◆ Task instructions: Quote exactly, and only, the lines of the material below from the line with "អ៊ែរ អេស៊ា ខេមបូឌា" through the line with "百飒(BYZA)防辐射防蓝光眼镜男女款复古圆形眼镜平光镜 钨钛塑钢眼镜框 可配近视".
** Opening Input data block **
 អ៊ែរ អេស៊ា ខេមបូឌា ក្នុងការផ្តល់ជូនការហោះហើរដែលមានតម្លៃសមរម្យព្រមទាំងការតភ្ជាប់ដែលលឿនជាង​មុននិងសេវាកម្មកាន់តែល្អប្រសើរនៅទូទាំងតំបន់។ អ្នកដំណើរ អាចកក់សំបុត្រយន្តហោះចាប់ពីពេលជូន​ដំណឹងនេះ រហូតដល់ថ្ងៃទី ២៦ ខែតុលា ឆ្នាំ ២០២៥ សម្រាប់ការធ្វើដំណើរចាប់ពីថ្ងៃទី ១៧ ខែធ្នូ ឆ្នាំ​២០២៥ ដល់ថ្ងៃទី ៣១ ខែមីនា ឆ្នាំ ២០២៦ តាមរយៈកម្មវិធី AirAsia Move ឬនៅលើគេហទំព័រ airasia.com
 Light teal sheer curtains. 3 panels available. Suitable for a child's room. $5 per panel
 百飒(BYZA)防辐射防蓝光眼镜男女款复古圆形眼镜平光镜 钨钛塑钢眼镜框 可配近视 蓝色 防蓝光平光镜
** Closing Input data block **
** Opening Input data block **
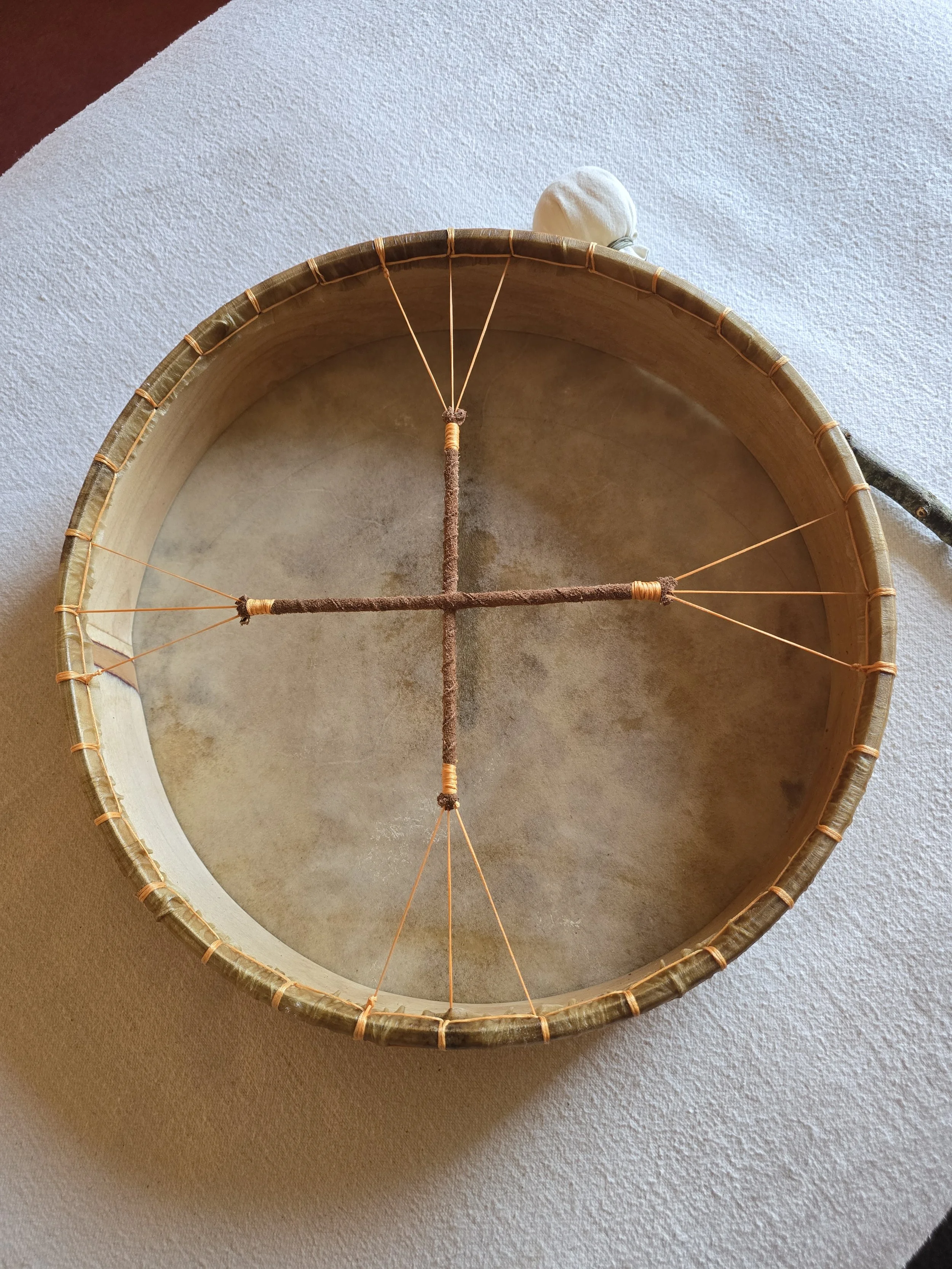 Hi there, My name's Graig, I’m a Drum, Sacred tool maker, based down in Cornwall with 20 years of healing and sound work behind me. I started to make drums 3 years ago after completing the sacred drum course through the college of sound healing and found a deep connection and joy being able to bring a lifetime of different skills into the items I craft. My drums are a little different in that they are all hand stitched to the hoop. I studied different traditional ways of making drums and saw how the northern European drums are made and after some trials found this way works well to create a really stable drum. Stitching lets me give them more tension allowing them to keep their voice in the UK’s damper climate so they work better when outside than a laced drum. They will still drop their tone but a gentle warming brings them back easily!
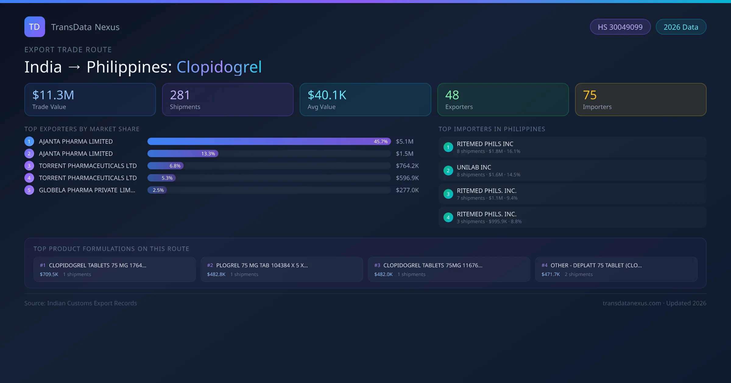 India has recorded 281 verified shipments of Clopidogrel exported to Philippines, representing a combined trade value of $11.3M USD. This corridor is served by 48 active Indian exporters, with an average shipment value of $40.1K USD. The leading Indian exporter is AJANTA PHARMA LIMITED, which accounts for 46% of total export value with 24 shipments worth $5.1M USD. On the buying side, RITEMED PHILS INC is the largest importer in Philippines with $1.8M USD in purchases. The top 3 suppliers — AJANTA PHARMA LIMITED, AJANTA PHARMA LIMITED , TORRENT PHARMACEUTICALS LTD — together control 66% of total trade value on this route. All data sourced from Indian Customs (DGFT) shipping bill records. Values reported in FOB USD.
** Closing Input data block **
** Opening Input data block **
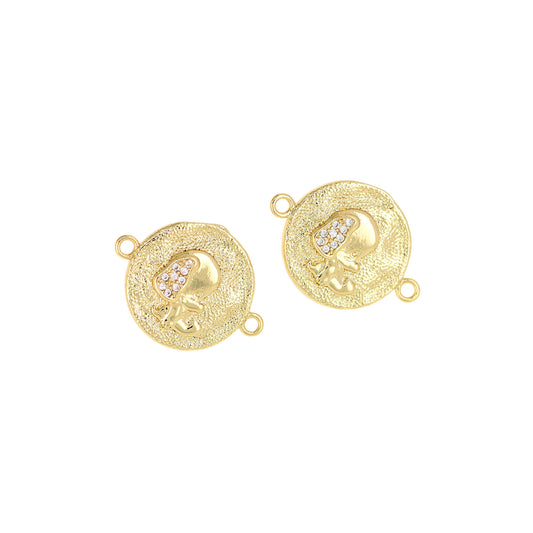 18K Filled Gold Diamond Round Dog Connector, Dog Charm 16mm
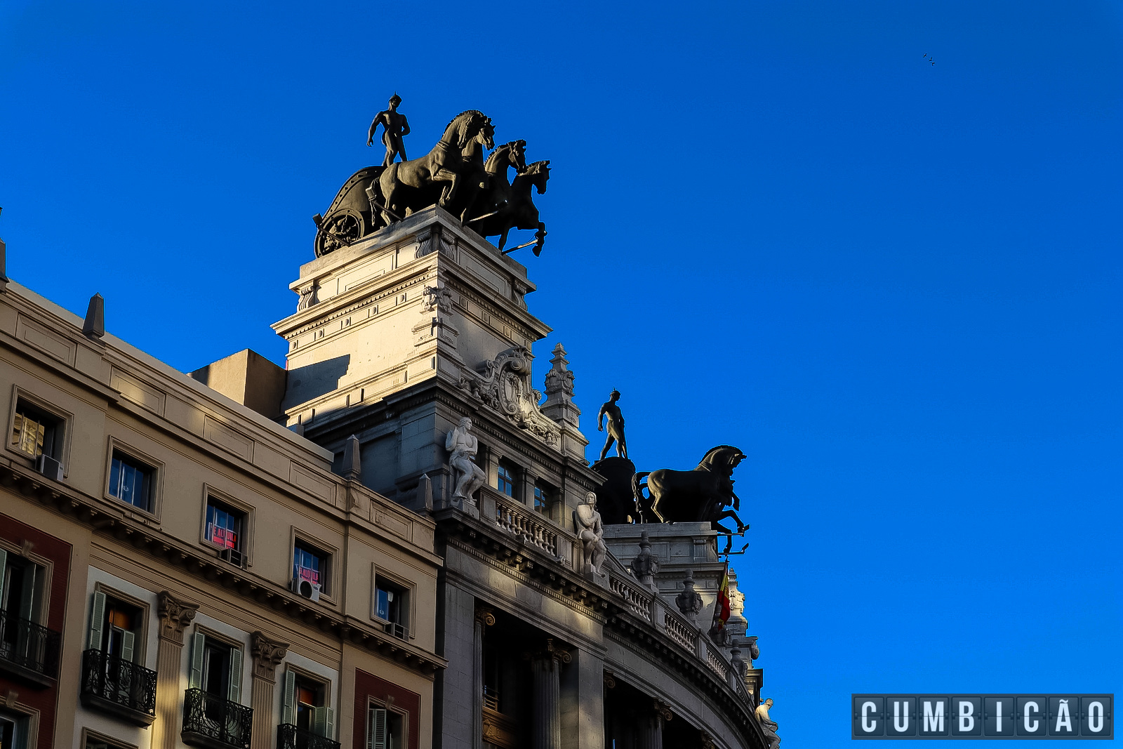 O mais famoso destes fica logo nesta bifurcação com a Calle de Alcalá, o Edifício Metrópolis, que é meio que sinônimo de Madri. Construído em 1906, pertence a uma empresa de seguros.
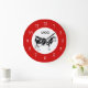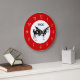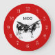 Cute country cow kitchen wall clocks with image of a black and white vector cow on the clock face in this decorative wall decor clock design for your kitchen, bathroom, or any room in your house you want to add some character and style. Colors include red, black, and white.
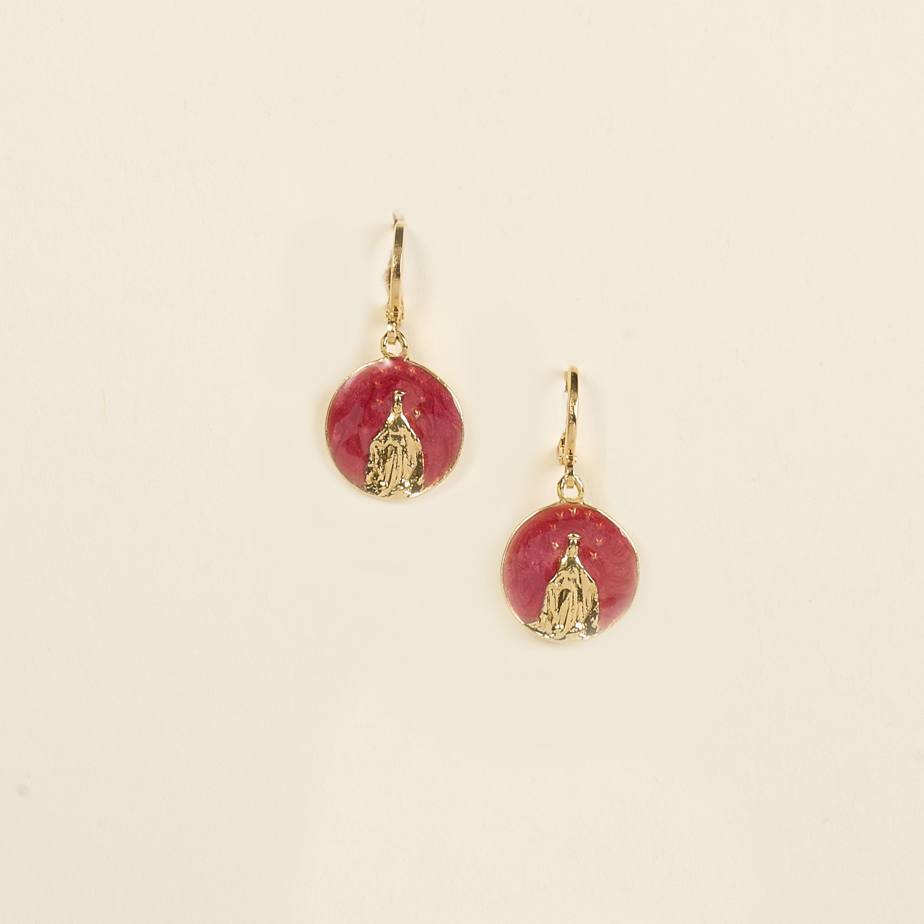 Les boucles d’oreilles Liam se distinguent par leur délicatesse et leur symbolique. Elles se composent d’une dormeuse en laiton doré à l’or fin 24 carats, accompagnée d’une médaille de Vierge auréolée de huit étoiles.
** Closing Input data block **
◆ Result:
 អ៊ែរ អេស៊ា ខេមបូឌា ក្នុងការផ្តល់ជូនការហោះហើរដែលមានតម្លៃសមរម្យព្រមទាំងការតភ្ជាប់ដែលលឿនជាង​មុននិងសេវាកម្មកាន់តែល្អប្រសើរនៅទូទាំងតំបន់។ អ្នកដំណើរ អាចកក់សំបុត្រយន្តហោះចាប់ពីពេលជូន​ដំណឹងនេះ រហូតដល់ថ្ងៃទី ២៦ ខែតុលា ឆ្នាំ ២០២៥ សម្រាប់ការធ្វើដំណើរចាប់ពីថ្ងៃទី ១៧ ខែធ្នូ ឆ្នាំ​២០២៥ ដល់ថ្ងៃទី ៣១ ខែមីនា ឆ្នាំ ២០២៦ តាមរយៈកម្មវិធី AirAsia Move ឬនៅលើគេហទំព័រ airasia.com
 Light teal sheer curtains. 3 panels available. Suitable for a child's room. $5 per panel
 百飒(BYZA)防辐射防蓝光眼镜男女款复古圆形眼镜平光镜 钨钛塑钢眼镜框 可配近视 蓝色 防蓝光平光镜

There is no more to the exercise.